Bank of America, quant à elle, est le seul géant de Wall Street à ne pas avoir de présence physique en Chine – et selon le rapport, cela devrait rester ainsi.
Les actions liées à l'IA explosent, mais Wall Street ne croit pas au retour en force de la Chine
Alors que Wall Street recule, les actions chinoises s'envolent. Les analystes de Goldman Sachs, Morgan Stanley, JPMorgan et UBS ont revu à la hausse leurs objectifs pour les actions chinoises, misant sur DeepSeek, la sensationnelle percée chinoise en matière d'intelligence artificielle.

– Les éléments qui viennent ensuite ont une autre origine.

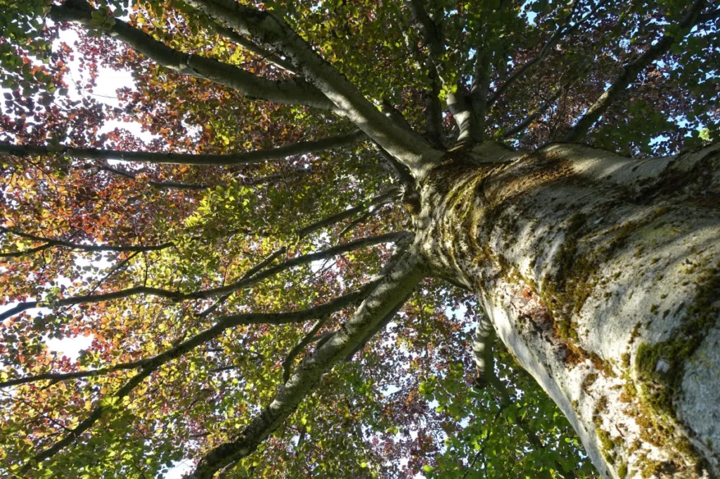 An meinem Geburtstag Ende Juni ist es meistens richtig heiß – einerseits freue ich mich natürlich, wenn die Sonne scheint, andererseits ist es in der Regel viel zu heiß, um am Nachmittag mit meinen Gästen auf unserer Terrasse zu sitzen. Meine Rettung ist – alle Jahre wieder – die mächtige Blutbuche, die gleich neben unserem Haus am Spielplatz steht. Unter ihrem schützenden, tiefroten Blätterdach lässt es sich auch bei größter Sommerhitze bestens aushalten. Diese Blutbuche ist mein absoluter Lieblingsbaum. Ein Traum in Rot – ach, selbst im Winter macht ihre imposante Statur noch was her! Wie viele „Geburtstage“ sie wohl schon erlebt hat?
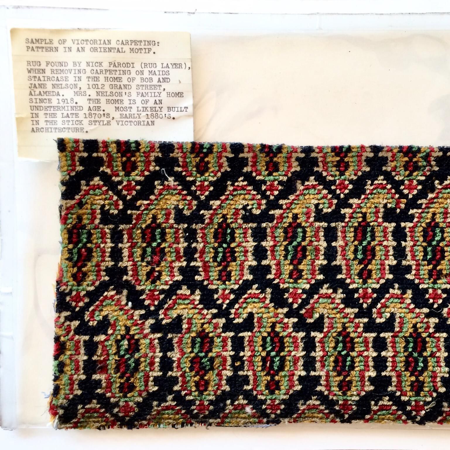 HISTORY OF OBJECT: RUG FOUND BY NICK PARODI (RUG LAYER), WHEN REMOVING CARPETING ON MAIDS STAIRCASE IN THE HOME OF BOB AND JANE NELSON, 1012 GRAND STREET, ALAMEDA, MRS. NELSON'S FAMILY HOME SINCE 1918. THE HOME IS OF AN UNDETERMINED AGE. MOST LIKELY BUILT IN THE LATE 1870'S, EARLY 1880'S. IN THE STICK STYLE VICTORIAN ARCHITECTURE.
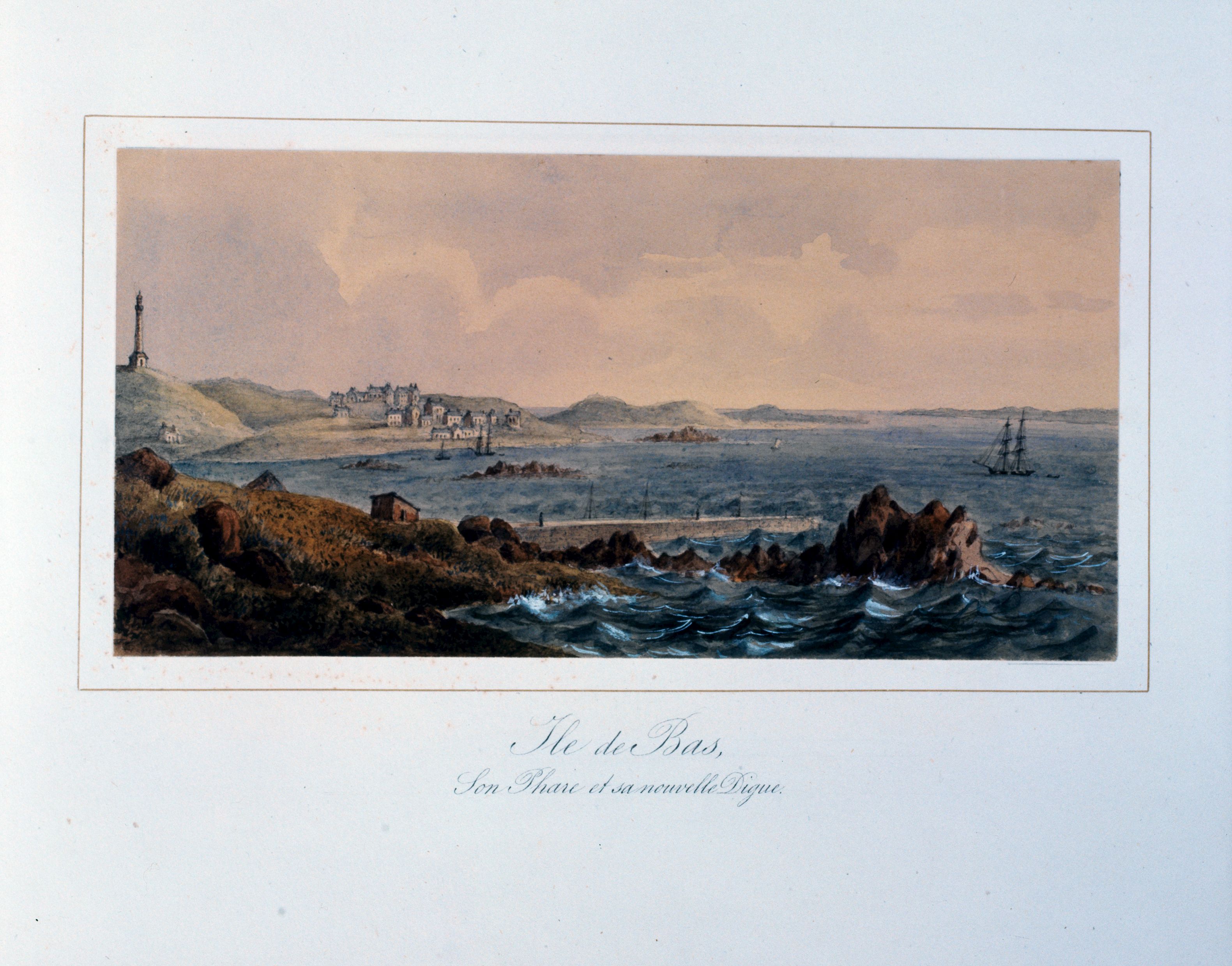 Ile de Bas, son phare et sa nouvelle digue. Aquarelle, collection particulière. Vers 1854.Immatriculation

L'indice MSCI China devrait progresser de 16 % supplémentaires, le CSI 300 étant désormais attendu à 4 700 points. L'adoption de l'IA pourrait accroître le bénéfice par action des entreprises chinoises de 2,5 % par an au cours de la prochaine décennie, selon Kinger Lau, stratège en chef pour la Chine chez Goldman Sachs.
« DeepSeek et d'autres modèles d'IA ont modifié le discours sur la technologie chinoise et ont réévalué l'optimisme des investisseurs quant à la croissance et aux avantages économiques de l'IA », a-t-il écrit dans une note samedi.
Parallèlement, Morgan Stanley et Man Group considèrent les actions chinoises comme l'un des investissements les plus prometteurs de l'année. Wall Street affiche un optimisme affiché, mais en coulisses, les dirigeants du secteur bancaire se préparent à un scénario où la Chine deviendrait totalement inaccessible en raison des politiques de Trump.
D'après un rapport de Bloomberg, certaines banques réaffectent actuellement des ressources au Japon et à l'Inde pour tenter de combler le vide laissé par la Chine. Ce même rapport affirme également que des dirigeants de Wall Street ont admis en privé qu'aucun autre pays ne peut remplacer la taille du marché chinois.